RD Sharma Solutions Class 7 Constructions Exercise 17.3

RD Sharma Solutions Class 7 Chapter 17 Exercise 17.3

RD Sharma Class 7 Solutions Chapter 17 Ex 17.3 PDF Free Download

Exercise 17.3

Q1. Draw \(\triangle ABC\)  in which AB = 3 cm, BC= 5 cm and \(\angle Q=70^{\circ}\).

1

Steps of construction:

  1. Draw a line segment AB of length 3 cm.
  2. Draw \(\angle XBA =70^{\circ}\).
  3. Cut an arc on BX at a distance of 5 cm at C.
  4. Join AC to get the required triangle.

 

 

Q2. Draw \(\triangle ABC\)  in which \(\angle A=70^{\circ}\)., AB = 4 cm and AC= 6 cm. Measure BC.

2

Steps of construction:

  1. Draw a line segment AC of length 6 cm.
  2. Draw \(\angle XAC =70^{\circ}\).
  3. Cut an arc on AX at a distance of 4 cm at B.
  4. Join BC to get the desired triangle.
  5. We see that BC = 6 cm.

 

 

Q3. Draw an isosceles triangle in which each of the equal sides is of length 3 cm and the angle between them is \(45^{\circ}\).

3

Steps of construction:

Draw a line segment PQ of length 3 cm.

Draw \(\angle QPX =45^{\circ}\).

Cut an arc on PX at a distance of 3 cm at R.

Join QR to get the required triangle.

 

Q4. Draw \(\triangle ABC\)  in which \(\angle A=120^{\circ}\), AB = AC =3 cm.

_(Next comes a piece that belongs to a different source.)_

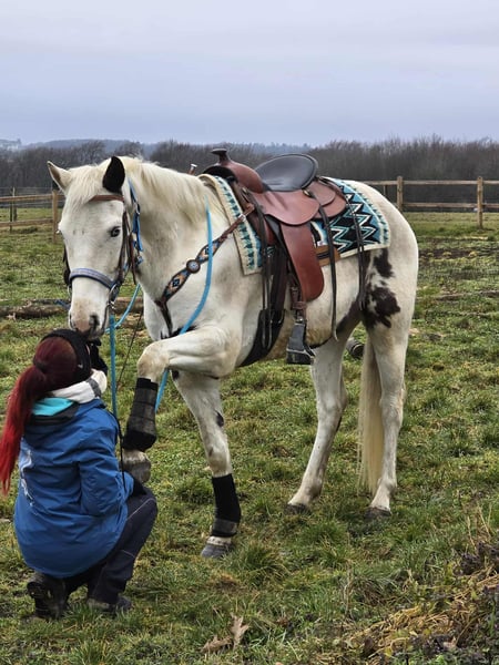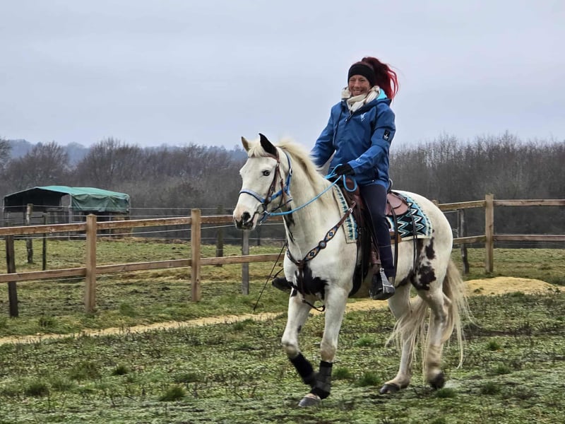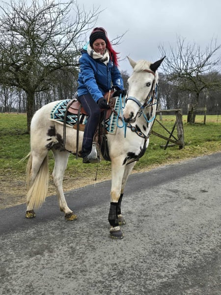 Zuverlässiger Freizeit-Wallach – brav & ideal fürs Gelände Alter: 5 Jahre Stockmaß: ca.1,56 Preis: Zuverlässiger Freizeit-Wallach – brav & ideal fürs Gelände Alter: Jahre Stockmaß: ca. m Preis: 6600,- AKU: vorhanden ✨ Beschreibung: Dieser Wallach überzeugt mit seinem ruhigen, ausgeglichenen Charakter und seiner angenehmen Art im täglichen Umgang. Er ist freundlich, aufmerksam und zeigt sich im Stall sowie beim Putzen und Führen absolut unkompliziert. Unter dem Sattel präsentiert er sich zuverlässig und angenehm zu reiten. Besonders im Gelände ist er ein toller Partner – er geht entspannt vorwärts, und genießt ausgedehnte Ausritte. Auch auf dem Platz arbeitet er motiviert und kooperativ mit. Ein ehrlicher Freizeitbegleiter, der seinem Reiter ein gutes Gefühl gibt und vielseitig einsetzbar ist. 🐎 Geeignet für: Freizeitreiterinnen und Freizeitreiter, die einen ausgeglichenen, geländesicheren Wallach suchen. Ideal für entspannte Ausritte und Platzarbeit. 🩺 Unsere Pferde werden regelmäßig: – entwurmt – vom Schmied betreut – osteopathisch kontrolliert 🛍 Hofladen: Westernsättel, Trensen & Zubehör 🚛 Transport sowie passendes Equipment auf Wunsch günstig organisierbar Unser Service: ✅ 3 Monate Umtauschrecht ✅ Proberitt: 35 €, jedes weitere Pferd 25 € (beim Kauf am selben Tag angerechnet) ✅ 100 € Sofort-Rabatt bei Abholung oder Transport am gleichen Tag ✅ Persönliche & ehrliche Beratung 📞 Anfragen bitte ausschließlich telefonisch: 0171 – 4001968 🕗 Erreichbar täglich von 8–20 Uhr ⚠️ Keine E-Mail oder WhatsApp ⚠️ Alle Angaben ohne Gewähr AKU: vorhanden ✨ Beschreibung: Dieser Wallach überzeugt mit seinem ruhigen, ausgeglichenen Charakter und seiner angenehmen Art im täglichen Umgang. Er ist freundlich, aufmerksam und zeigt sich im Stall sowie beim Putzen und Führen absolut unkompliziert. Unter dem Sattel präsentiert er sich zuverlässig und angenehm zu reiten. Besonders im Gelände ist er ein toller Partner – er geht entspannt vorwärts, und genießt ausgedehnte Ausritte. Auch auf dem Platz arbeitet er motiviert und kooperativ mit. Ein ehrlicher Freizeitbegleiter, der seinem Reiter ein gutes Gefühl gibt und vielseitig einsetzbar ist. 🐎 Geeignet für: Freizeitreiterinnen und Freizeitreiter, 🩺 Unsere Pferde werden regelmäßig: – entwurmt – vom Schmied betreut – osteopathisch kontrolliert 🛍 Hofladen: Westernsättel, Trensen & Zubehör 🚛 Transport sowie passendes Equipment auf Wunsch günstig organisierbar . Unser Service: ✅ 3 Monate Umtauschrecht ✅ Proberitt: 35 €, jedes weitere Pferd 25 € (beim Kauf am selben Tag angerechnet) ✅ 100 € Sofort-Rabatt bei Abholung oder Transport am gleichen Tag ✅ Persönliche & ehrliche Beratung 📞 Anfragen bitte ausschließlich telefonisch: 0171 – 4001968 🕗 Erreichbar täglich von 8–20 Uhr ⚠️ Keine E-Mail oder WhatsApp ⚠️ Alle Angaben ohne Gewähr

Measure \(\angle B\) and \(\angle C\).  

4

Steps of construction:

  1. Draw a line segment AC of length 3 cm.
  2. Draw \(\angle XAC =120^{\circ}\).
  3. Cut an arc on AX at a distance of 3 cm at B.
  4. Join BC to get the required triangle.

By measuring, we get \(\angle B\)= \(\angle C\)= \(30^{\circ}\).

 

Q5. Draw \(\triangle ABC\)  in which \(\angle C=90^{\circ}\) and AC = BC = 4 cm.

5

Steps of construction:

  1. Draw a line segment BC of length 4 cm.
  2. At C, draw \(\angle BCY=90^{\circ}\).
  3. Cut an arc on CY at a distance of 4 cm at A.
  4. Join AB. ABC is the required triangle.

 

 

Q6. Draw a triangle ABC in which BC= 4 cm, AB = 3 cm and \(\angle B=45^{\circ}\). Also, draw a perpendicular from A on BC.

6

Steps of construction:

  1. Draw a line segment AB of length 3 cm.
  2. Draw an angle of \(45^{\circ}\) and cut an arc at this angle at a radius of 4 cm at C.
  3. Join AC to get the required triangle.
  4. With A as centre, draw intersecting arcs at M and N.
  5. With centre M and radius more than half of MN, cut an arc on the opposite side of A.
  6. With N as centre and radius the same as in the previous step, cut an arc intersecting the previous arc at E.
  7. Join AE, it meets BC at D, then AE is the required perpendicular.

 

 

Q7. Draw a triangle ABC with AB = 3 cm, BC = 4 cm and \(\angle B=60^{\circ}\). Also, draw the bisector of angles C and A of the triangle, meeting in a point O. Measure \(\angle COA\).

7

Steps of construction:

Draw a line segment BC = 4 cm.

Draw \(\angle CBX=60^{\circ}\).

Draw an arc on BX at a radius of 3 cm cutting BX at A.

Join AC to get the required triangle.

 

Angle bisector for angle A:

  1. With A as centre, cut arcs of the same radius cutting AB and AC at P and Q, respectively.
  2. From P and Q cut arcs of same radius intersecting at R.
  3. Join AR to get the angle bisector of angle A.

 

Angle bisector for angle C:

  1. With A as centre, cut arcs of the same radius cutting CB and CA at M and N, respectively.
  2. From M and N, cut arcs of the same radius intersecting at T
  3. Join CT to get the angle bisector of angle C.

Mark the point of intersection of CT and AR as 0.

Angle \(\angle COA=120^{\circ}\).